Algunos nos fuimos de Rusia y otros se quedaron. Yo me fui con el director de cine Kantemir Balagov. Era pasada la medianoche cuando nos encontramos sentados entre los desiertos puestos de comida del aeropuerto de Estambul mientras esperábamos nuestro vuelo a Ereván, en Armenia. Bebiendo un vaso de agua, Kantemir me preguntó: ¿crees que deberíamos dejar de hablar en ruso? ¿Tenemos que avergonzarnos de nuestra lengua? Esa probablemente sea la única pregunta para la que tengo una respuesta inequívoca: “¡No!”.
Permítanme que intente explicarme. Vladímir Putin y Volodímir Zelenski hablan ruso, pero sus idiomas no pueden ser más diferentes. El ruso de Zelenski es apasionado, emotivo y vibrante: vivo. El lenguaje de la propaganda rusa está muerto. Se trata de un montón de burocracia oscura y sin sentido. El gran director ruso Andréi Sviáguintsev hizo una poderosa película, Sin amor, sobre la ausencia de amor en la vida cotidiana en Rusia. El ruso que hablan Putin y sus compinches lo refleja: es deliberadamente poco vivo. Así que no, nunca nos avergonzaremos del ruso. Hablamos una lengua diferente.

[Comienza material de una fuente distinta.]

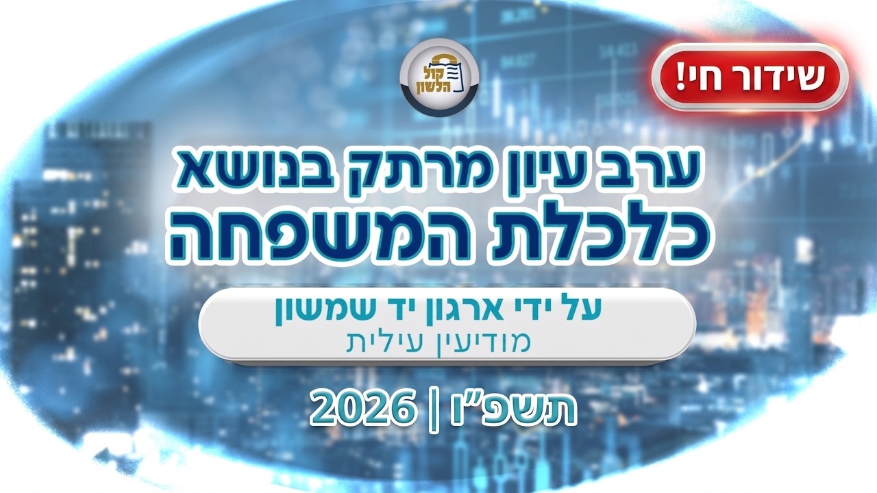 הצטרפו אלינו לשידור חי מערב העיון המרכזי בנושא כלכלת המשפחה, בהגשת ארגון "יד שמשון" במודיעין עילית. 🏡📈

No ocurre lo mismo con nuestros pasaportes. En la cola del control fronterizo en Estambul, escuché una conversación entre una madre y una hija ucranianas. Estaban justo detrás de mí: intentaban volar de vuelta a casa, a Kiev. Se habían ido de vacaciones a Turquía antes de la guerra y ahora volvían a un mundo en el que su abuela estaba escondida en un refugio antibombas y su padre y su hermano se habían alistado en las fuerzas de defensa territorial. Escuchaba su conversación y sentía una vergüenza abrumadora. Mi pasaporte ruso en mi bolsillo ardía como carbón caliente.
Redefinir “ser ruso”
No creo que, en el futuro cercano, pueda leer ninguno de mis libros rusos favoritos ni ver las películas rusas o las series de televisión que me gustaban. Ahora todos tienen el mismo final: el 24 de febrero y la voz robótica del presidente Putin anunciando su “operación militar especial”. Bucha, Irpin, Gostomel, Mariúpol... Tendremos que escribir nuevos libros y hacer nuevas películas. Y, paso a paso, iremos descubriendo qué significa ser ruso ahora.
De vuelta a Tiflis, finalmente convenzo al vendedor para que acepte mi dinero. “Usted no apoya la guerra, ¿verdad?”, me pregunta con suspicacia. No, claro que no. ¿Cómo puede alguien apoyar esta maldita locura? Pero, aunque estoy muy en contra de la guerra y de Putin, soy ruso. Por alguna razón, es importante que lo diga. Cuando estoy a punto de irme, el vendedor me da un kebab extra gratis.
* Ivan Philippov es escritor y fue periodista. Actualmente es director creativo en AR Content.